Air safety investigators have a “high degree of confidence” that aircraft debris found in the Indian Ocean is of a wing component unique to the Boeing 777, the same model as the Malaysia Airlines plane that disappeared last year, a U.S. official said Wednesday.
Air safety investigators — one of them a Boeing investigator —have identified the component as a “flaperon” from the trailing edge of a 777 wing, the U.S. official said.
A French official close to an investigation of the debris confirmed Wednesday that French law enforcement is on site to examine a piece of airplane wing found on the French island of Reunion, in the western Indian Ocean. A French television network was airing video from its Reunion affiliate of the debris. U.S. investigators are examining a photo of the debris.
The last primary radar contact with Malaysia Airlines Flight 370 placed its position over the Andaman Sea about 230 miles northwest of the Malaysian city of Penang. The French island of Reunion is about 3,500 miles southwest of Penang, according to a Google map.
At the United Nations, Malaysian Transport Minister Liow Tiong Lai told reporters that he has sent a team to verify the identity of the plane wreckage.
“Whatever wreckage found needs to be further verified before we can ever confirm that it is belonged to MH370,” he said.
The discovery is unlikely to alter the seabed search, said Australian Transport Safety Bureau Chief Commissioner Martin Dolan, who is heading the search effort in a remote patch of ocean far off the west coast of Australia. If the find proved to be part of the missing aircraft, it would be consistent with the theory that the plane crashed within the 46,000-square-mile search area, 1,100 miles southwest of Australia, he said.
“It doesn’t rule out our current search area if this were associated with MH370,” Dolan told The Associated Press. “It is entirely possible that something could have drifted from our current search area to that island.”
Dolan said search resources would be better spent continuing the seabed search with sonar and video for wreckage rather than reviving a surface search for debris if the find proved to be from Flight 370.
If the debris turns out to be from the missing aircraft, it will be the first confirmation that the plane crashed into the Indian Ocean after it vanished March 8, 2014, with 239 people on board while traveling from Kuala Lumpur, Malaysia, to Beijing. A massive multinational search effort of the southern Indian Ocean, the China Sea and the Gulf of Thailand turned up no trace of the plane.
Confirmation that the debris came from Flight 370 would finally disprove theories that the airliner disappeared somewhere in the northern hemisphere, Dolan said.
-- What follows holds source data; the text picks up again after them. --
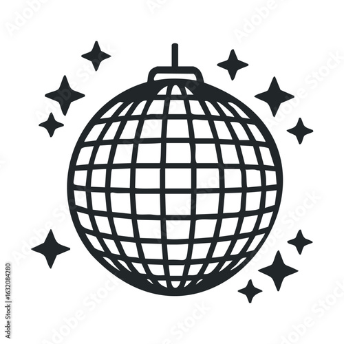 Black and white disco ball with sparkling stars icon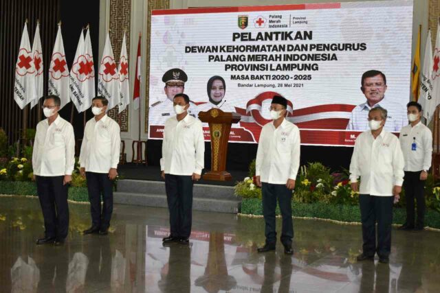 Onlinekoe.com, Bandar Lampung – Komandan Korem 043/Garuda Hitam Brigjen TNI Drajad Brima Yoga, S.I.P., M.H. menghadiri acara pelantikan dewan kehormatan dan pengurus PMI Provinsi Lampung masa bakti 2020-2025 oleh Ketua Umum PMI Pusat Dr. Drs. H. Muhammad Yusuf Kalla bertempat di Mahan Agung Jl. Dr. Susilo Kel. Sumur Batu Kec. Teluk Betung Utara Kota Bandar Lampung, Jumat 28/05/2021.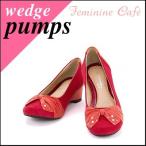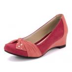 『Feminine Cafe(フェミニンカフェ) レディース リボン付きウェッジパンプス 56001 ピンク』 ドレープを寄せたつま先リボンに、キラキラと輝きのラインストーンを施した、フェミニンなウェッジパンプス。 リボン部分とカカトやヒール部分は、同系色 濃淡になるスエード素材を使用しているところも、こだわりが感じられるデザインポイント☆ 安定感のあるウェッジヒールで、さりげにスタイルアップができながら、丸みを帯びた可愛いらしい印象のラウンドトゥで、つま先の窮屈なストレス感が少なく、中敷には全体的に低反発クッションが搭載されているので、楽チン!デイリーにも、ちょっとしたお出かけにも活躍してくれそうな重宝アイテムです♪※展開サイズ:レディース |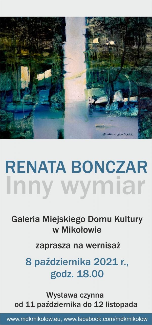 Miejski Dom Kultury w Mikołowie zaprasza na wernisaż wystawy dzieł Renaty Bonczar w Galerii MDK 8 października o godz. 18.00. Wystawa będzie dostępna dla odwiedzających od 11 października do 12 listopada.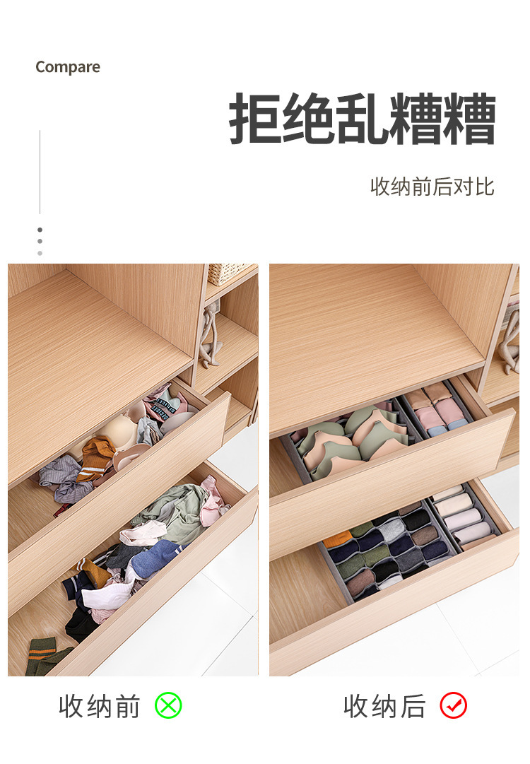속옷 보관함 양말 내부 바지 상자 분할 격자 서랍 형 어린이 반바지 분리 유물 가정용 마감 격자 무늬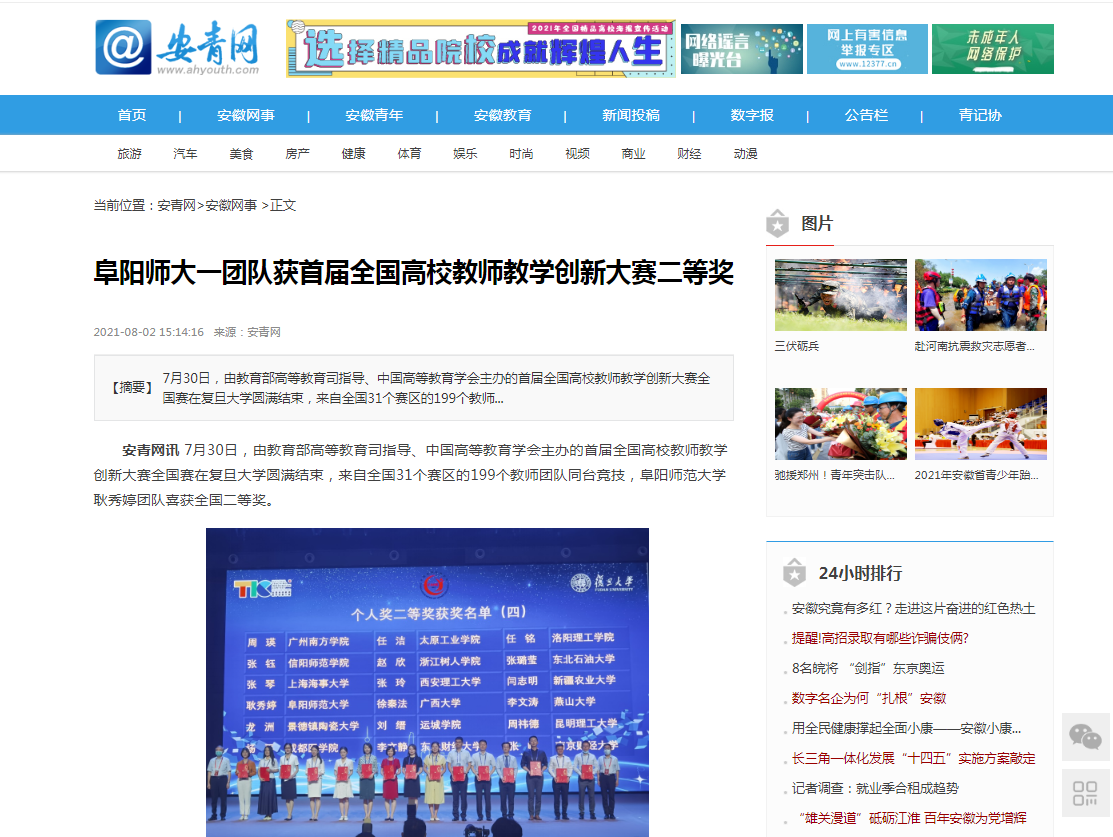 7月30日,安青网报道:阜阳师大一团队获首届全国高校教师教学创新大赛二等奖。文章地址: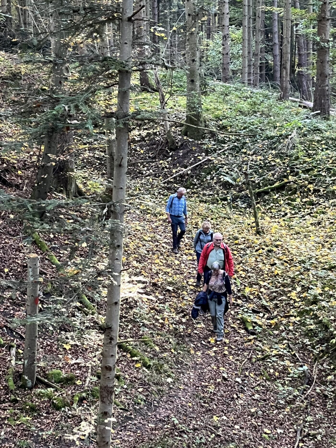 Der Schwarzwaldverein Lauterbach hatte am 12. Oktober zu einer Wanderung ins Schlichemtal eingeladen. Gegen 10.15 Uhr konnte Wanderführerin Brigitte Straub 11 Mitwanderer in Sulgen an der Kreissporthalle begrüßen. Etwas umständlich, Dank der Umleitung bei Zimmern, gelangte die Gruppe mit 3 Pkw nach Rotenzimmern. Hier wurden die Wanderschuhe geschnürt und durch die Waldenbachschlucht aufwärts gewandert. Pünktlich zur Mittagszeit erreichten die Wanderer einen Rastplatz, gelegen an der gegenüberliegenden Seite der Waldenbachschlucht, ehe die Tour wieder bis an den Ortsrand von Rotenzimmern führte. Entlang des Schlichemtals erreichten die Wandersleute Täbingen, wo ein Kaffeeautomat neben dem Taubenhaus zur Rast lockte. Bei strahlend blauem Himmel führte der Weg über das Hochplateau in Richtung Gößlingen und dann leicht abwärts, vorbei an der Ruine Rotenzimmern zurück zum Ausgangspunkt. Gegen 16:30 wurde die Heimfahrt, diesmal über Epfendorf angetreten. Bei der Abschlußeinkehr im Wehle in Dunningen konnte Wanderführerin Brigitte Straub den Dank der Mitwanderer schöne 16 Kilometer lange Wanderung in relativ unbekanntem Gebiet entgegennehmen.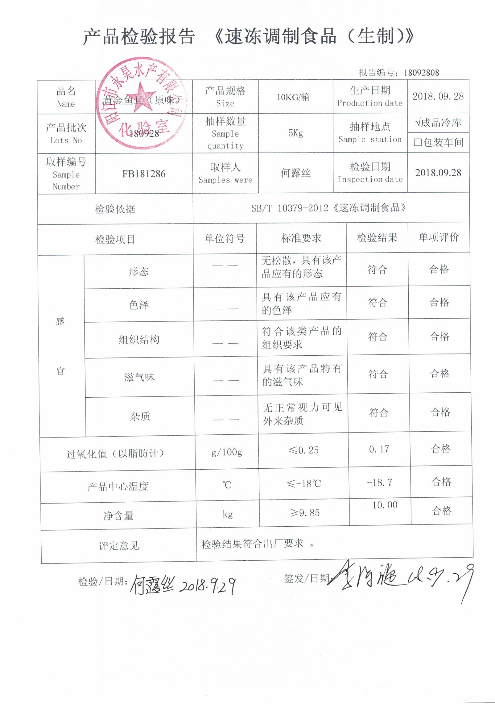 检测项目 :感官、过氧化值、产品中心温度、净含量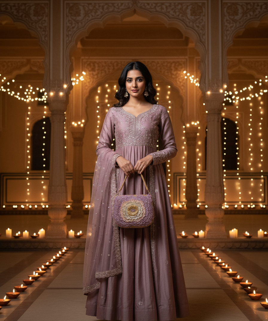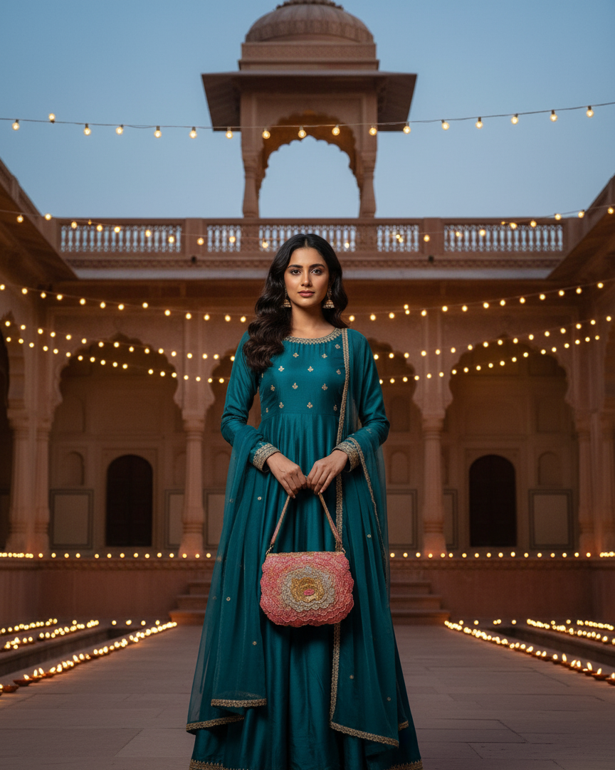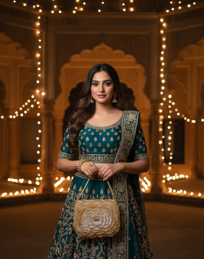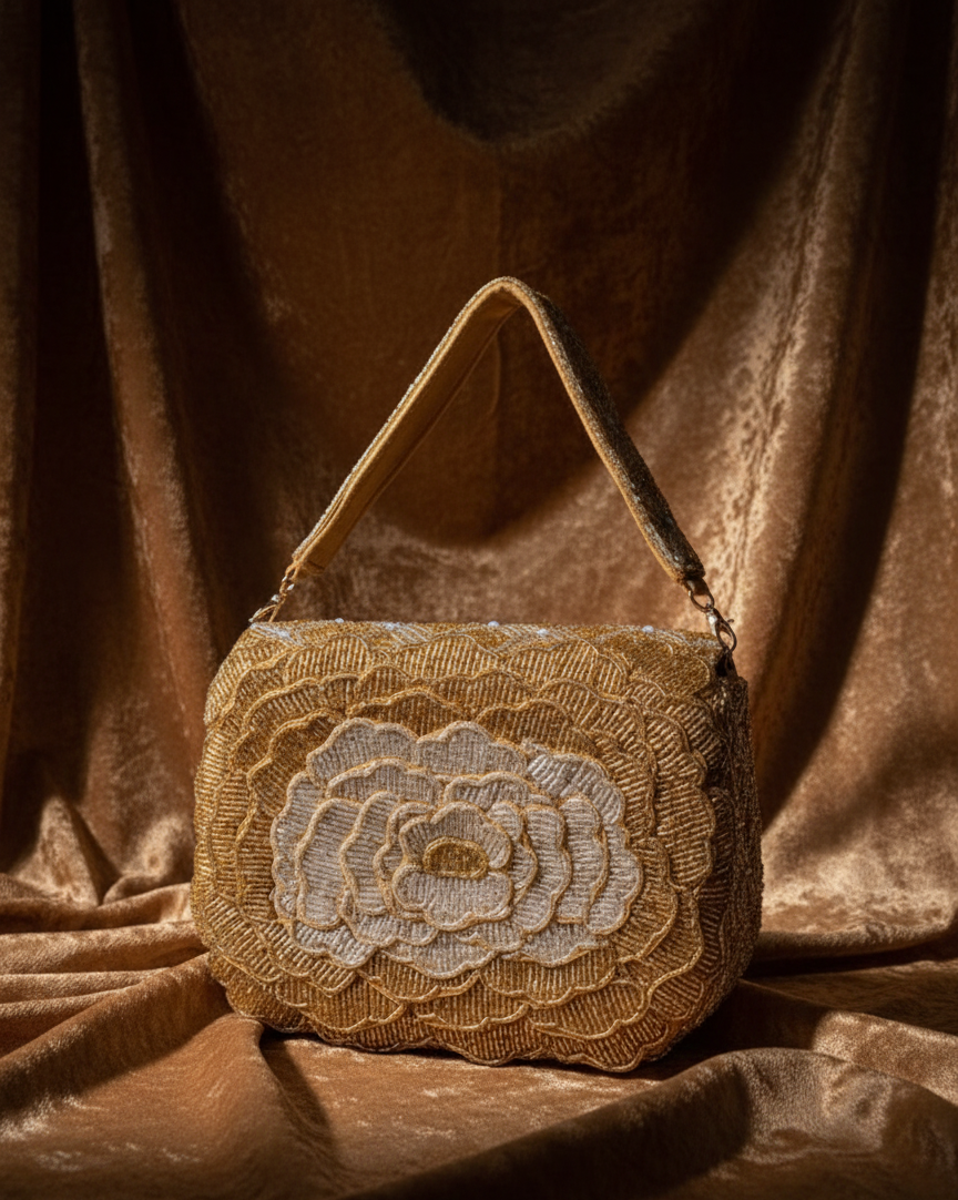 Introducing the stunning Two-Tone Floral Evening Bag, a true work of art designed to enchant. This luxurious clutch features a meticulously hand-beaded floral motif at its center, crafted from lustrous white beads, surrounded by a radiant tapestry of golden beads. The combination creates a striking contrast and sophisticated shimmer. Perfect for weddings, festive celebrations, and elegant evening events, this purse is sure to turn heads.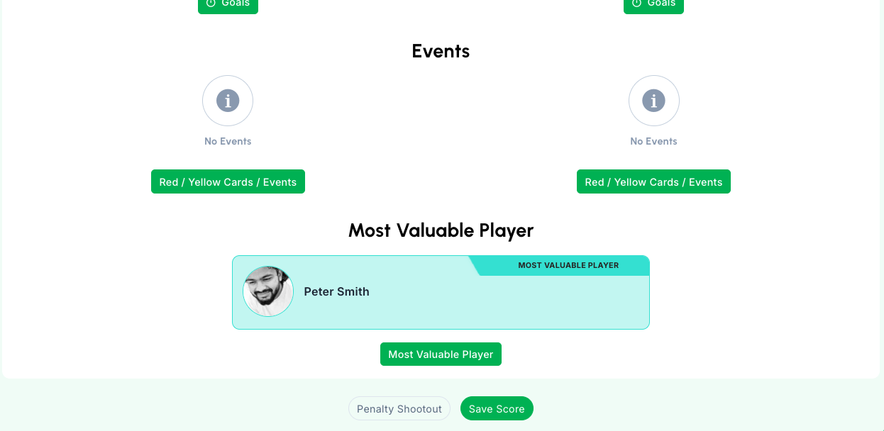 You can select one Most Valuable Player for the entire match. Click the Most Valuable Player button, then choose a player from the team you want to select. A Penalty Shootout option is also available—click the Penalty Shootout button if you need to record shootout results.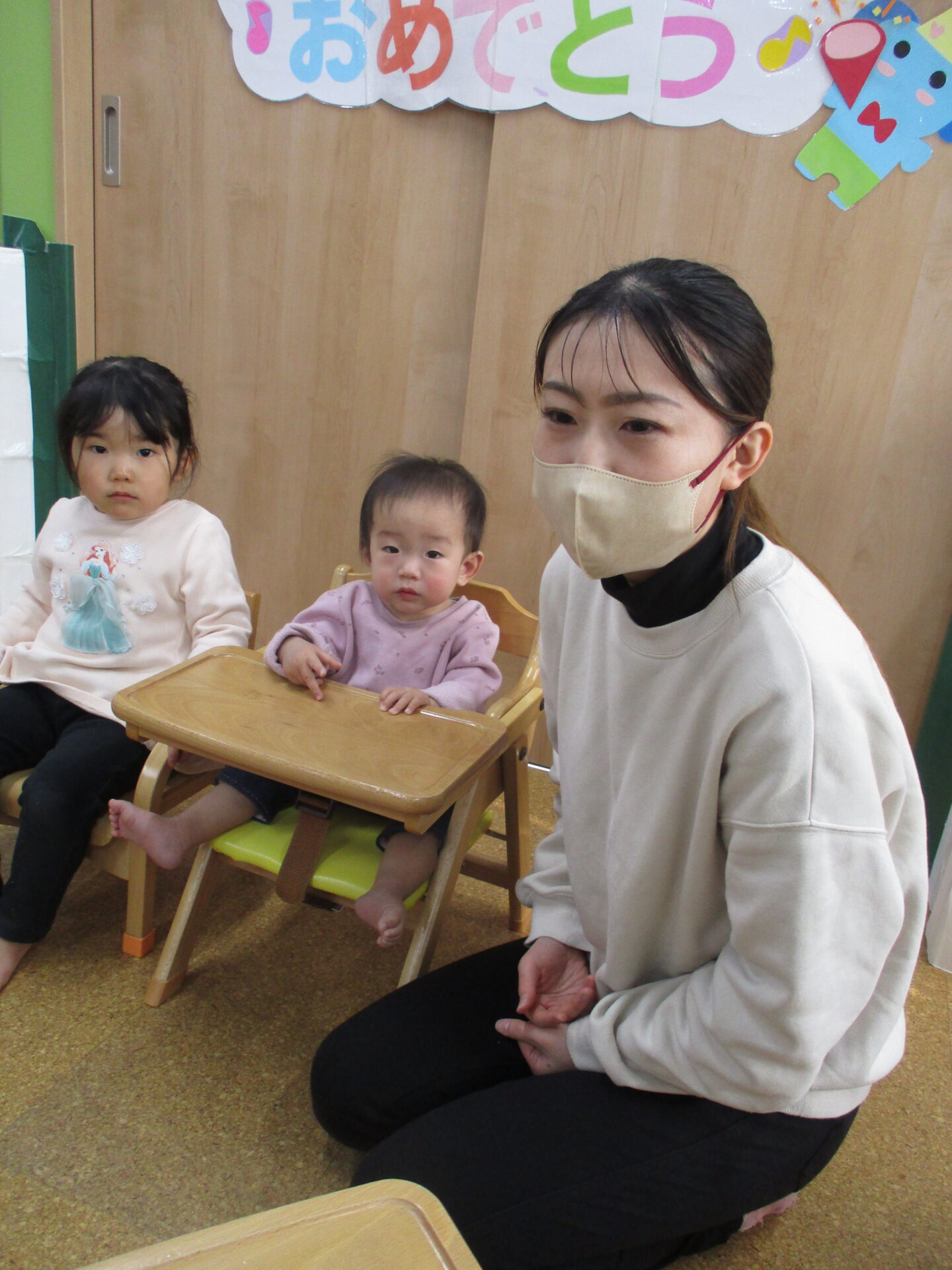 0歳児うみチームと2歳児あめチームの可愛い女の子です(⌒∇⌒)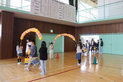 みんなでゲームをした後、1年生へプレゼントを渡しました。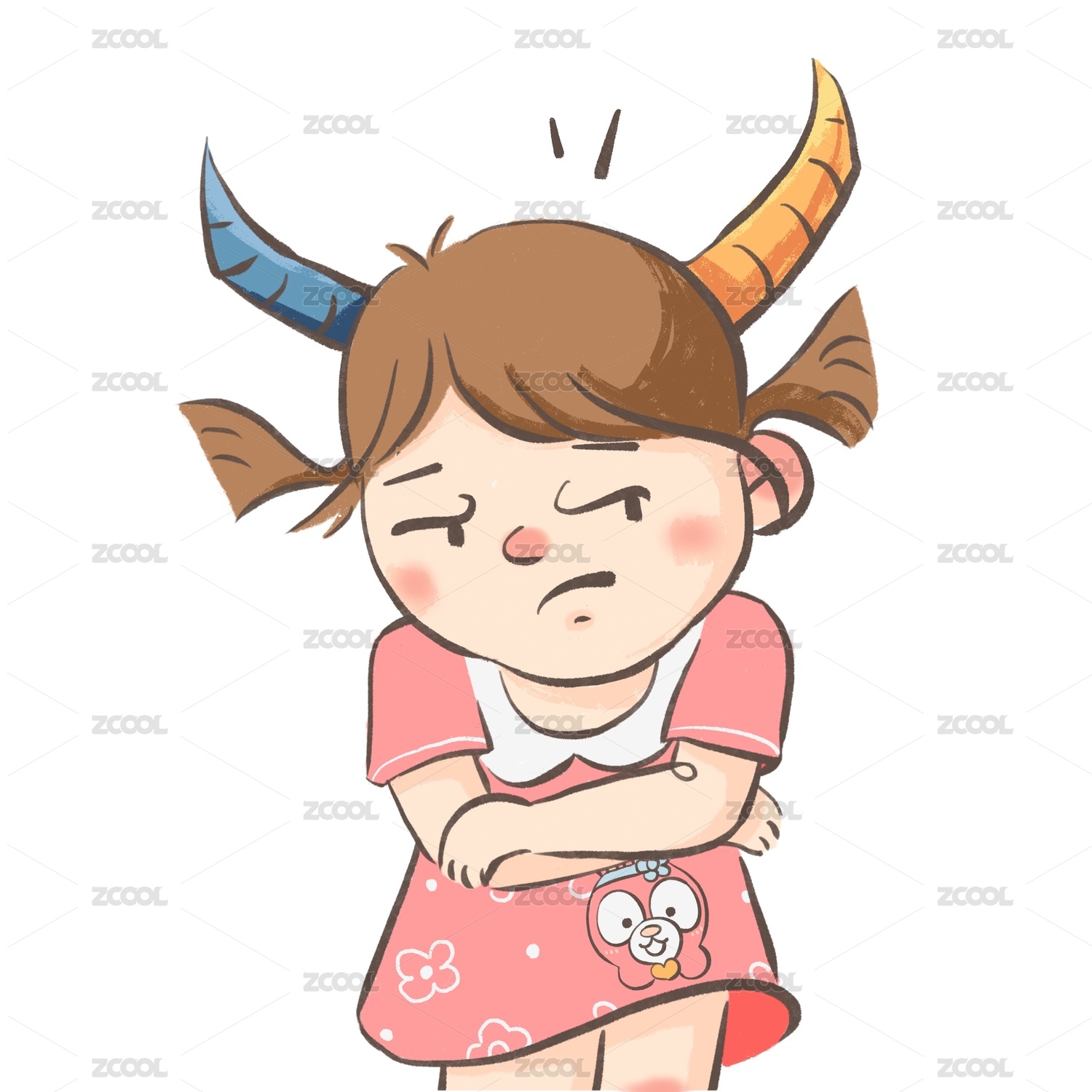 手繪Q版卡通穿背帶褲抱書(shū)開(kāi)心站立女孩插畫(huà)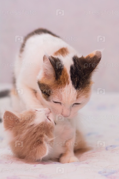 Двухмесячный котенок сидит и смотрит прямо в камеру

It was well understood after the aircraft disappeared that if there was any floating debris from the plane, Indian Ocean currents eventually would bring it to the east coast of Africa, said aviation safety expert John Goglia, a former member of the U.S. National Transportation Safety Board. But the debris is unlikely to provide much help in tracing the ocean currents back to the location of the main wreckage, he said.
“It’s going to be hard to say with any certainty where the source of this was,” he said. “It just confirms that the airplane is in the water and hasn’t been hijacked to some remote place and is waiting to be used for some other purpose. … We haven’t lost any 777s anywhere else.”